# Prompt vote: October 2022



## Harper J. Cole (Sep 21, 2022)

Vote for your favourite prompt for October. See this post for more on the random prompt generator: *LINK*


----------



## KeganThompson (Sep 29, 2022)

oof, we got a tie! Which one shall we choose?
please not the random prompt generator


----------



## Selorian (Sep 29, 2022)

Since it's a tie, let it be author choice between the two? Or do the Veil one for October/Halloween and the prompt generator for November? Flip a virtual coin?


----------



## KeganThompson (Sep 29, 2022)

Veils between two realms fits Halloween so well, so I personally think we should do that one and have the prompt generator for November


----------



## Foxee (Sep 29, 2022)

Whatever we do we should do it...promptly.

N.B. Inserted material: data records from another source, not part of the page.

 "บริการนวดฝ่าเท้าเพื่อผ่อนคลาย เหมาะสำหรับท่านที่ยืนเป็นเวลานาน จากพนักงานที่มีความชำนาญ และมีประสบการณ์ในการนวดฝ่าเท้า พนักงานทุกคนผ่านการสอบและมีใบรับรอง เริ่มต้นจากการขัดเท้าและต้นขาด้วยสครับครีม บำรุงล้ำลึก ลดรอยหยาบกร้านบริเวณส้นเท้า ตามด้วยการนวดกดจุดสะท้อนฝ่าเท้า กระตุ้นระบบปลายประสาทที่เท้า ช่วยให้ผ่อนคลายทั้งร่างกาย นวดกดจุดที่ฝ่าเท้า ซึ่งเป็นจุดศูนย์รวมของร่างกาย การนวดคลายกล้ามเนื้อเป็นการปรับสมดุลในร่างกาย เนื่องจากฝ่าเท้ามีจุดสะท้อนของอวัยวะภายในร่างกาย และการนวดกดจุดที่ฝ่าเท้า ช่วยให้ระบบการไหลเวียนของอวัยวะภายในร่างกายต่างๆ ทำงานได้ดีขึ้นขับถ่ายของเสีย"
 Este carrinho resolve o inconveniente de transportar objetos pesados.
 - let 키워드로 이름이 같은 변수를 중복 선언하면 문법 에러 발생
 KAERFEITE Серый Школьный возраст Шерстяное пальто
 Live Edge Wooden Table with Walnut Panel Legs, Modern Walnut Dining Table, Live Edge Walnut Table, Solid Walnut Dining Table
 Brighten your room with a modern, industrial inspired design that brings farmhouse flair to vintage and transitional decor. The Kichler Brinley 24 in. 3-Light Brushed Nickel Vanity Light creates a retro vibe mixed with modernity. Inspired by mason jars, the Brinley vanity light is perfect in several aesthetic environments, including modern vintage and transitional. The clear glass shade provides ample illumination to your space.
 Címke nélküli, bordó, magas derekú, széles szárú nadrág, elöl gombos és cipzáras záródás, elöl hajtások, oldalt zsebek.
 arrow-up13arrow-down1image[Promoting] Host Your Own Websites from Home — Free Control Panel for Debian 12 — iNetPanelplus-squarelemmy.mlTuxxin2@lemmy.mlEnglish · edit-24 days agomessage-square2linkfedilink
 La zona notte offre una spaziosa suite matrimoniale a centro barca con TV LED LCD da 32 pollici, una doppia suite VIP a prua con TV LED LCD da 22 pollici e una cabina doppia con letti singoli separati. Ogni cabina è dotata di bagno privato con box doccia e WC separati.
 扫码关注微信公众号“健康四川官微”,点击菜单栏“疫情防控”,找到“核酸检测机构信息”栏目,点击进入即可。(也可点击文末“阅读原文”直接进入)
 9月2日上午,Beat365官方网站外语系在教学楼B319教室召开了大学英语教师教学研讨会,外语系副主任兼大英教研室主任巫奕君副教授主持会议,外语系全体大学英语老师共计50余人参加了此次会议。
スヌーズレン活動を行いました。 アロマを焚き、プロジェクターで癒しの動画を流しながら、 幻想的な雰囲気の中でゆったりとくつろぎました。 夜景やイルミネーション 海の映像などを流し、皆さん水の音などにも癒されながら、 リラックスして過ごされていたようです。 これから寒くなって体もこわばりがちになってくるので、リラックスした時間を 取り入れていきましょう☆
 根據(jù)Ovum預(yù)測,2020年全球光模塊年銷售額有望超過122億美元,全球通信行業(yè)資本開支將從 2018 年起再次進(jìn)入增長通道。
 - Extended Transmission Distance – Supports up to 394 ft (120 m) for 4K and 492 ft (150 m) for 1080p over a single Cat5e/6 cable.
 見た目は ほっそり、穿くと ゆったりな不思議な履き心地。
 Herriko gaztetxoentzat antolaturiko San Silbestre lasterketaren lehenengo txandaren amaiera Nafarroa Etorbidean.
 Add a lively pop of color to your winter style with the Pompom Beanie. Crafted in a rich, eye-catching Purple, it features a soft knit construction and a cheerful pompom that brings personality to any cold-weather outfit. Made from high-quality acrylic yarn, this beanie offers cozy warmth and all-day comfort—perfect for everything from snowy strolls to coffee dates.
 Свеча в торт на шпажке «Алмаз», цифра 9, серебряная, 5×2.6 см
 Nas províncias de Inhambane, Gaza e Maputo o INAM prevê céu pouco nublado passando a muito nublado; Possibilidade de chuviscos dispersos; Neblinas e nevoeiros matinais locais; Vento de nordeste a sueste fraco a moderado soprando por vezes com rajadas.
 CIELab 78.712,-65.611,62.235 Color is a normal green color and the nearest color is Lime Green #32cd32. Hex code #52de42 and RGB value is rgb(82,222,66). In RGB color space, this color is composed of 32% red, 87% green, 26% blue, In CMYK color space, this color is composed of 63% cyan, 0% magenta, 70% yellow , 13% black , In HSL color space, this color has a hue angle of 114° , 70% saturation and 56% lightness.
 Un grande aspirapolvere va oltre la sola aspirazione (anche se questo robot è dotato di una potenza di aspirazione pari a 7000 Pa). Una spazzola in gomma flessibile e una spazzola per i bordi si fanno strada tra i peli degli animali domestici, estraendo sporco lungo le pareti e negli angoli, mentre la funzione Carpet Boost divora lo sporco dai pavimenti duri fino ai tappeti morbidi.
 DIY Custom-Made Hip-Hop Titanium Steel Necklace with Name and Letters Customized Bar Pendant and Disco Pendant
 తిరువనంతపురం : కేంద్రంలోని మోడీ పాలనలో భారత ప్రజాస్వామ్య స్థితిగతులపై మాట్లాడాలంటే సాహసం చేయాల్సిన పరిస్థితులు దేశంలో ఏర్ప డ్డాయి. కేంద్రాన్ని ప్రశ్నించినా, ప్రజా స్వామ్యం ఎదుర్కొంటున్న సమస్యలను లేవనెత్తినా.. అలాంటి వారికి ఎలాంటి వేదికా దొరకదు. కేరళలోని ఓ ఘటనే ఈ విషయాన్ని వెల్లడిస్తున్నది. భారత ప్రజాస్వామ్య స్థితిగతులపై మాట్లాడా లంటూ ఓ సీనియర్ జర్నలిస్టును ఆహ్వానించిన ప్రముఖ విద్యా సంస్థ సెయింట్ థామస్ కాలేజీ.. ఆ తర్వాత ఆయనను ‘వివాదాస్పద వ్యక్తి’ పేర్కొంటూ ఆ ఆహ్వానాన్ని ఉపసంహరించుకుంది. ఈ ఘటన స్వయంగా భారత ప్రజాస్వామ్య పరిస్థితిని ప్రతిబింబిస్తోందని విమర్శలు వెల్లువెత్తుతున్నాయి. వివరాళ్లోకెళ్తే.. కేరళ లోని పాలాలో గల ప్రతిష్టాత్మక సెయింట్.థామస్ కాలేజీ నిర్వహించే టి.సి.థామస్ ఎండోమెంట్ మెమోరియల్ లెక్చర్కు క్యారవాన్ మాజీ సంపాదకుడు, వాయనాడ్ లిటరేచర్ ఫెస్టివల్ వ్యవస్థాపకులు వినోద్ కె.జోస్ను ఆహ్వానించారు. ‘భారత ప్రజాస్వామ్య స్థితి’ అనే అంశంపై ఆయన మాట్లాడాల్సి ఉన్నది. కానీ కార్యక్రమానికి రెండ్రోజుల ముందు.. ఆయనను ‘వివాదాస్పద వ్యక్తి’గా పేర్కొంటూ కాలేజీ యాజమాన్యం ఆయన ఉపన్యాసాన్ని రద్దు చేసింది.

(No worries, I'll see myself out)


----------



## piperofyork (Sep 29, 2022)

Kegan's compromise works for me.


----------



## Harper J. Cole (Sep 30, 2022)

Very well - I shall follow  these suggestions. Veil between Realms in October, random prompt generator in November.


----------



## Louanne Learning (Sep 30, 2022)

I very much like this prompt - Veil Between Realms - because that's gonna call for some imagination


----------